Mn2+ + C2O42- goes to MnC2O4 K1 = 7.9 x 10^3
[Mn(C2O4)2]2- goes to MnC2O4 + C2O42- K2 = 1.26 x 10^-2
42. What is the equilibrium constant for the following formation:
Mn2+ + 2C2O42- goes to [Mn(C2O4)2]2-
(I know the answer is 6.3 x 10^5 , but why?)

43. Find the equilibrium concentration of the [Mn(C2O4)2]2- ion.
(I know the answer is 6.7 x 10^-3, but why?)

44. Find the equilibrium concentration of the Mn(C2O4) ion
(I know the answer is 1.3 x 10^-4, but why?)

ANSWER

42. When you add two equations, you multiply their respective K's to give you the overall K. Also, when you reverse an equation, K for the reverse equation is 1/K for the forward equation.

So, in order to combine these two equations to generate the one in the question, you have to reverse the second equation and then add it to the first one.

K(overall) = K1 X 1/K2 = 6.3 X 10^5

43. OK. When you combine the two solutions, your initial (prior to any reaction) concentrations of Mn2+ and C2O42- are:
[Mn2+] = 6.67X10^-3 M and [C2O42-] = 0.667 M. (I got these using M1V1=M2V2 using the initial concentrations and volumes and the final volume of the mixture.)

Since K for the reaction you are considering is a large number, you know that virtually all of the Mn2+ will be in the form of the complex ion. So, since the initial concentration of Mn2+ = 6.7 X 10^-3 M, that will be very very close to the final concentration of the complex ion.

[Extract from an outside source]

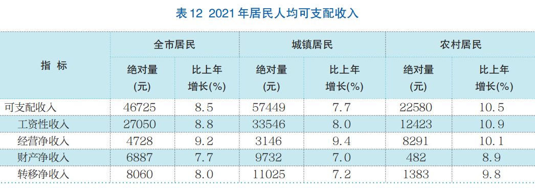 居民收入稳定增长。全年居民人均可支配收入46725元,比上年增长8.5%。其中,城镇居民人均可支配收入57449元,增长7.7%;农村居民人均可支配收入22580元,增长10.5%。居民人均消费支出30016元,增长8.4%。其中,城镇居民人均消费支出36866元,增长7.2%;农村居民人均消费支出14591元,增长12.7%。城乡居民收入比由上年的2.6:1缩小至2.5:1。城镇居民恩格尔系数为23.5%,农村居民恩格尔系数为30.5%。 社会保障范围更加广泛。年末城镇职工基本养老保险参保人数472.7万人,比上年增加35.4万人;职工医疗保险参保人数336.2万人,增加22.7万人;失业保险参保人数226.9万人,增加13.3万人;工伤保险参保人数293.5万人,增加14.9万人;生育保险参保人数235.8万人,增加22.6万人。居民养老保险和医疗保险参保人数分别达到308.4万人和506.9万人。 居民生活保障稳步提升。城市居民最低生活保障标准每月904元,保障城镇居民0.9万户、1.3万人,发放保障金及各类补贴1.3亿元;农村居民最低生活保障标准每月676元(其中,市中区、槐荫区、天桥区、历城区、济南高新区为904元),保障农村居民5.9万户、8.4万人,发放保障金及各类补贴5.7亿元。城市特困人员基本生活标准每月1356元,农村特困人员基本生活标准每月1179元(其中,市中区、槐荫区、天桥区、济南高新区为1356元),城市特困保障745人,农村特困保障1.4万人,共发放特困供养救助金及补贴2.9亿元。照料护理标准按照自理、半自理和完全不能自理分三种档次,自理标准提高到231元/月,半自理标准提高到385元/月,完全不能自理标准提高到770元/月。 救助帮扶工作趋步向稳。全市共有救助管理站2处,未成年人救助保护中心1处。培训残疾人4116人次,安置残疾人员就业2102人,帮扶救助残疾人投入资金2.8亿元。(2021年济南市国民经济和社会发展统计公报)。
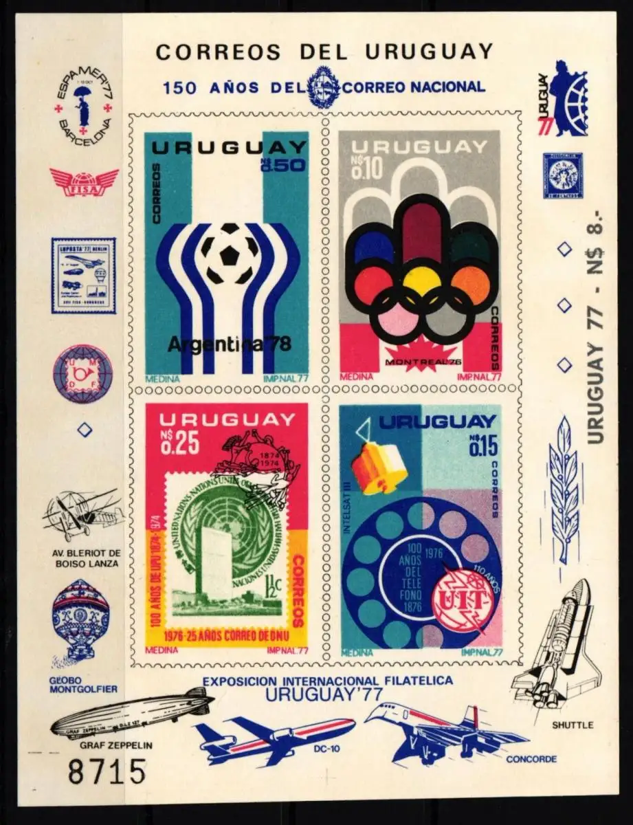 Uruguay 1402-1405 postfrisch als Sonderblatt UREXPO 77 #JY095

(You also should see that the concentration of oxalate in the final solution will basically be unchanged, since there is so much more oxalate than there is Mn2+ in the initial solution.) 44. For this problem, start with the expression for the equilibrium constant K2. Since you know that the concentration of the complex ion is 6.7 X 10-3, and that the concentration of oxalate is basically, 0.67, just plug those into the expression for K2, and solve for the concentration of the MnC2O4. That will give you 1.3 X 10^-4.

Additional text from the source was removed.